Label: Mountain Redbird Music
Bill Monroe lives! Bill Monroe lives!
Okay, well unfortunately this isn’t entirely true, for Mr. Monroe passed away in 1996. However, the wonderful style of music he is credited with creating, bluegrass, is alive and well in the new millennium. Those of you who only know of the modern country scene presented by country radio and CMT are likely thinking I am crazy, but a few outstanding bands in the underground music community have me not only celebrating bluegrass’s past, but its present as well. One of these bands is James Reams and the Barnstormers and their 2005 release Troubled Times is an indicator of the band’s tremendous talent.
One of the many reasons that Troubled Times is such a great listen is the quality of the music. A single spin of the album is enough for one to conclude that it is bluegrass at its best. Reams is a wonderful bluegrass vocalist and delivers each song with a voice straight out of the 1940s, and band mates Carl Hayano and Mark Farrell provide effective complementary backing vocals. The musicianship is equally impressive, especially Farrell’s work on mandolin and fiddle, and the banjo-playing of Mickey Maguire, which is good enough to bring a smile to even Earl Scruggs’s face. This is no attempt to shrug off Reams as a guitarist or Hayano as a bassist, however, for they do a fine job as well. There are no better examples of this excellent musicianship than on the album’s three cookin’ instrumentals: a cover of country fiddle legend Arthur Smith’s “Lost Train Blues” and Maguire’s originals “Erin’s Flight” and “Lost Forest.” Troubled Times proves that James Reams and the Barnstormers are not only well schooled in the old school bluegrass sound, but have mastered it.

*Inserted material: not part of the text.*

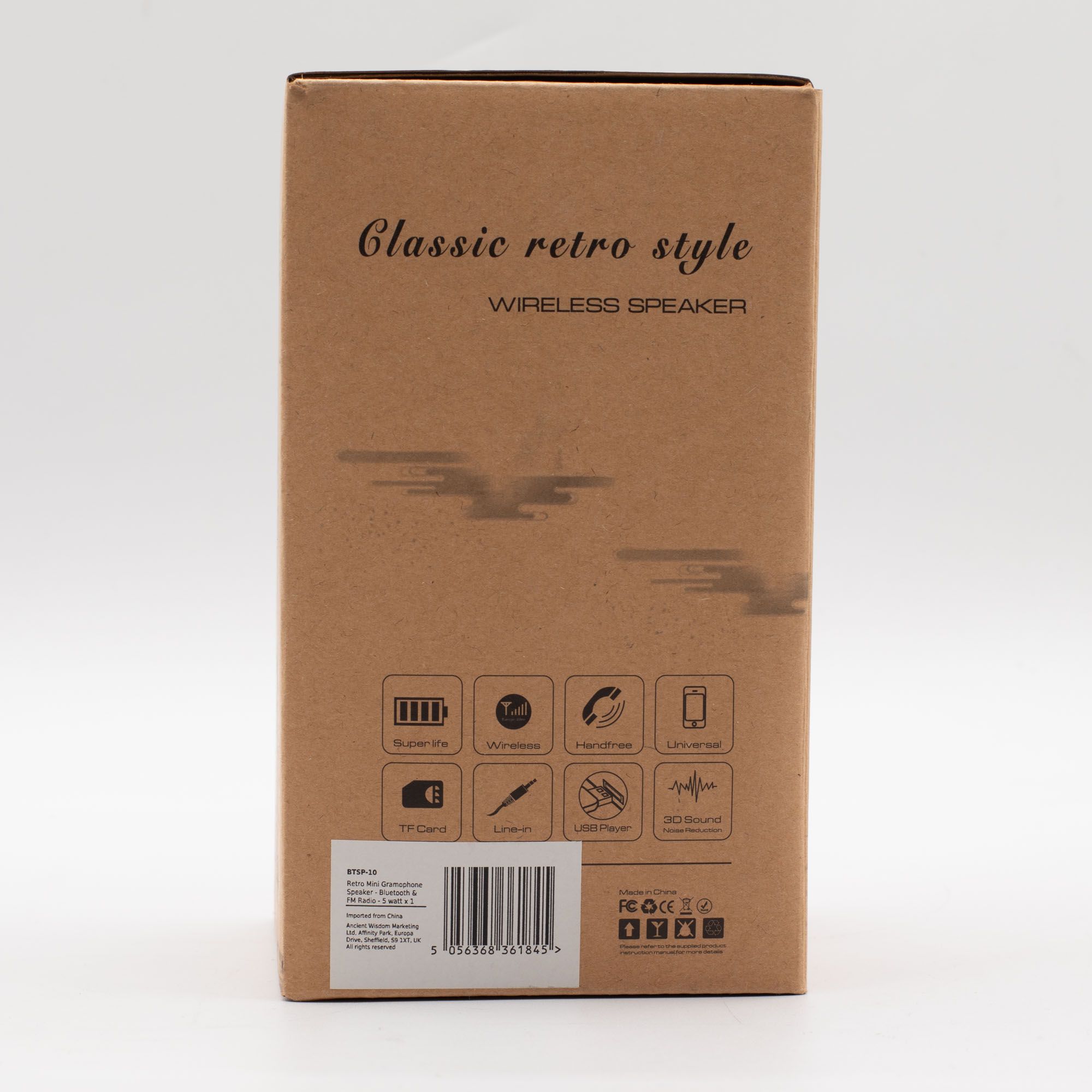 Kompaktný Bluetooth reproduktor v štýle gramofónu, navrhnutý tak, aby vniesol vintage atmosféru na pracovný stôl, poličku či nočný stolík. Dekoratívna trúbka a podstava s efektom dreva vytvárajú nostalgický prvok, pričom ponúkajú praktické každodenné ozvučenie v úspornom formáte.

While the music is outstanding, what makes the album so memorable is the song-by-song quality. Filled with great bluegrass covers, Troubled Times is appropriately titled. Bluegrass may have a lively sound, but overall, this record has a dark aura. This is established right from the beginning with the classic “Head of the Holler,” which, despite its deceivingly happy sound, contains a harsh warning to anyone who might consider moving in on the speaker’s woman. This early warning tells listeners that happy love songs will not be found on Troubled Times. “You Better Wake Up” features a fed-up husband telling his wife that he’s sick of her ways and is about ready to make like Hank Williams and become a long gone daddy. Other songs dealing with men and women take a much more violent turn. “Cruel Willie” tells the tale of a man who mistreats one woman too many, and ends up paying for it with his life, while the outstanding Robbie Fulks cover “Cold Statesville Ground” is one of the best murder ballads ever written. The Barnstormers’ version of this masterpiece surprisingly lives up to Fulks’ original. The album also contains songs about religion including “Lazarus,” which warns listeners that they can’t buy their way into heaven, and the traditional number “Cool Down on the Banks of Jordan,” which finds the Lord calling the troubled and weary down to the river to find eternal happiness and salvation. Finally, some songs simply deal with life’s rocky path (“Ain’ta Bump in the Road”) and hard work (“Winsboro Cotton Mill Blues”).
However, the best of these “troubled times” come from James Reams’ own pen. The album contains three Reams originals (two of which were co-written with usual songwriting partner Tina Aridas), and all three are standouts. The heartbreaking title track finds Reams lamenting about the loss of a family farm to a bank foreclosure, and in perhaps the album’s finest track, “The Hills of My County,” while watching mining companies destroy his county, friends, and family, he ponders whether or not God wishes He had never “blessed” the hills with coal. Finally, the album’s most interesting track, “Eye of the Storm,” has a couple of possible meanings. Literally, it plays out like a tragic Hurricane Katrina story where a man makes the mistake of attempting to wait out the storm and loses everything. The “storm” can also have a figurative meaning though, representing, appropriately enough, any troubled time in the song’s family’s life. Whether or not the storm is real or a metaphor for something else is up to the listener, giving it a kind of depth not found in the average bluegrass number.
In the year 2006, we are now without most of the bluegrass legends that made the genre so great. We lost Jimmy Martin last year. It’s been a decade since Bill Monroe left us, and several years more since Lester Flatt left Earl Scruggs to join heaven’s angel band. Fortunately, thanks to bands like James Reams and the Barnstormers, it has been ensured that bluegrass will not die along with its creators. Troubled Times, along with its bonus DVD, which includes over 100 minutes of outstanding bluegrass documentary, is Reams and his band’s statement to the world that not only do they want to help listeners remember bluegrass’s history, but that they are ready to lead the genre into the future.